When you were about four years old, and after my divorce was final, I was able to track down his sister, Sylvia.  She and I sat and talked and talked.  It was evident that she did not care for Mark's new wife; and she did feel fondly of me.  She told me where to find Mark and, eventually, I introduced you to him, his parents, Sylvia and her family.  I remember sitting in the living room looking at photos of you and talking about you to Mark's parents and Sylvia.  You ran around the room acting so silly (always have been the entertainer).  I think you used your silliness to hide your nervousness.  At one point Mark's dad tried to get your attention and talk to you, and you spit at him (just trying to be silly, and probably a little nervousness too - you were just a babe).  He was so shocked and I pulled you close to me and explain to you not to spit.  I dismissed it casually and explained your silly nervousness and that you didn't mean anything personal by it - they understood.  Four year old children can be so unpredictable.  They looked over your photos and talked about how much your resembled Mark, and never once questioned whether or not you were truly his or what my intentions were - though I tried to make it clear I wasn't looking for any financial help.  I think, at first, I had secretly hoped that we would get back together and that, maybe, I could put together a family for you that was close to normal. But as it turned out, he was already married (to Laura) and had another son, Matthew (then about 2 years old). Evidently, Mark and Laura were going through a rough patch at the time. Laura would leave to stay with her family for a while, and then return. When she left each time, Mark would call asking for us to visit him at their apartment in Houston. We did - but even then, it was clear that he would never leave Laura because he loved her so and he loved and adored Matthew.  Of course, that was fine with me - I never asked him to leave his family nor did I ever want another child to deal with being fatherless (the way you had to deal with it).

However, Mark was still very interested in keeping us in his life. His plan was to move us all into the same house together. I was to help take care of Laura when she had her seizures.

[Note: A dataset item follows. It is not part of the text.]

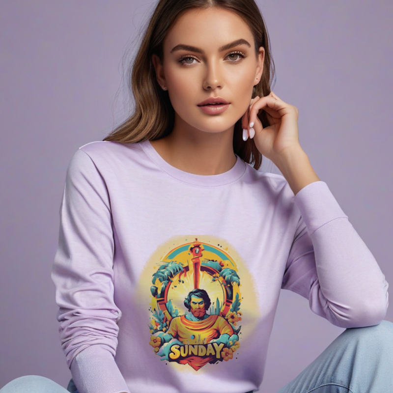 Heavy Cotton Feel – Lavender Full Sleeve Tee with Sunday Design

I remember how Mark and Laura would talked often about the likeliness of her dying young and how the doctor had said that if she hit her head just one more time..... (It was weird.) This way, you and Matthew would grow up together, as brothers. Surprisingly, Laura appeared to be fine with that plan. She and I got along (although she talked - and a lot! To the point that it really got under my skin, but for the most part, we got along). Mark wanted to maintain a "close" relationship with me - and I suppose it would have been much like a bigamist household. But of course, I knew it was all too confusing and bizarre to continue with his plan - and you and I left.  I suppose I just stopped pursuing them.  I remember the last day you and I visited with them, I had come inside from sitting on the outside stairwell talking with Mark, and Laura was sitting at her small round dining table just off the kitchen. I sat down at the table and told her goodbye and told her to never, ever, ever let any woman come into her home to "share" her family.  That this was her family and she needed to protect and defend it.  I told her that Mark loved her very much and would never ever leave her and Matthew - I gave her a hug and left.

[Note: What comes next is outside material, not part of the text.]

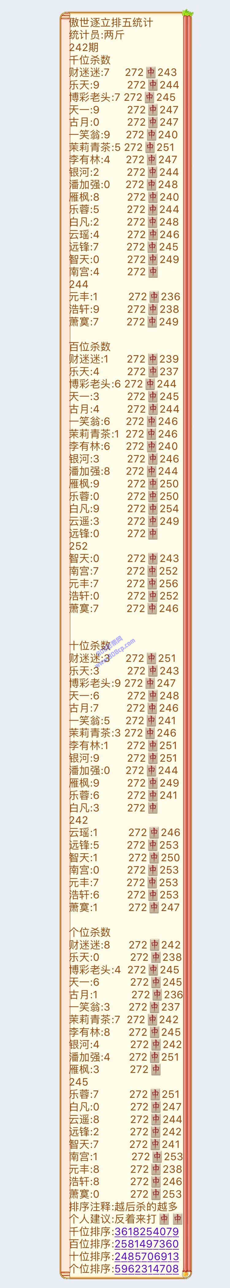 19242期:傲世逐立统计

Blessed with you... It was very early (3:00 or 4:00 in the morning), and I'd been awaken again with mild but annoying back pains. They were few and far between, so I went back to sleep. An hour or so later they were much sharper and more occurring closer together. I realized this was my labor pains. I wasn't getting any sleep by now and decided I might as well go in to the hospital if I wasn't going to get any sleep anyhow. The water never broke. Chuck and I got some of the things together and drove to the hospital where I was immediately sent up to the delivery floor (hospital procedure for all pregnant women who walk through the door).

Chuck made the necessary calls to family, and Erica immediately called Mema. Poor Mema. She had gone on her yearly out of town shopping trip with Aunt Carolyn despite her intuition that you would probably come while she was gone. As soon as they got the news, she and Aunt Carolyn jumped in the car and sped back to town; normally an hour and a half trip which took them far less this time; lucky they didn't get ticketed.

Everyone began arriving at the hospital. I was given an epidural to ease the pain which, I might add, had become unbearable. At one point, I remember, literally, standing atop the toilet seat begging for it to be over. At another point I was crawling off the side of the bed and the nurse, fearing I would fall off the other side, scolded me. The epidural was a welcome anesthetic; and then, I slept.

Chuck and I had been dressed for delivery and I was being wheeled down the hall on the bed, when Mema came barreling in. She popped me on the forehead a few times to make sure I knew she was there, and I remember being quite discontent by it (fyi, never pop a pregnant woman on the head while she's being wheeled into delivery), but I responded so she could relax, and we were off.

Delivery was about as textbook and uneventful as it should be. Your head was a little stuck so they used forceps. And then, you were born. You could not have been more beautiful. Your hair was golden and so was your skin. You cried after being spanked a little by the doctor, and it was the most beautiful sound I'd ever heard (not a high pitched annoying cry but deep and boyish and beautiful). This is the moment, I truly felt my life change. Your nose was perfectly shaped, you had all your fingers and toes, your head was beautiful, everything was perfect. You had a beautiful  brown birthmark next to your belly button, which I didn't even know you had until your umbilical cord fell off.  Later, I would tell you that this was where an angel had kissed you before being sent to me. Funny, when I'd first seen the mark I had thought your tummy had been stained from the blue ink on the cut cord, and assumed it would eventually wash off. (First time mother's assumption.)

You were perfect, and perfect for me. God knew what He was doing, even if I didn't understand it all.

Almost lost you...
Within the first week or two of your birth, I took you to Mema's home to visit. It was probably 9:00 p.m., and Erica was there too. We were all in awe of you; the first grandbaby, the first nephew, the first baby, and the first little boy! for us to experience.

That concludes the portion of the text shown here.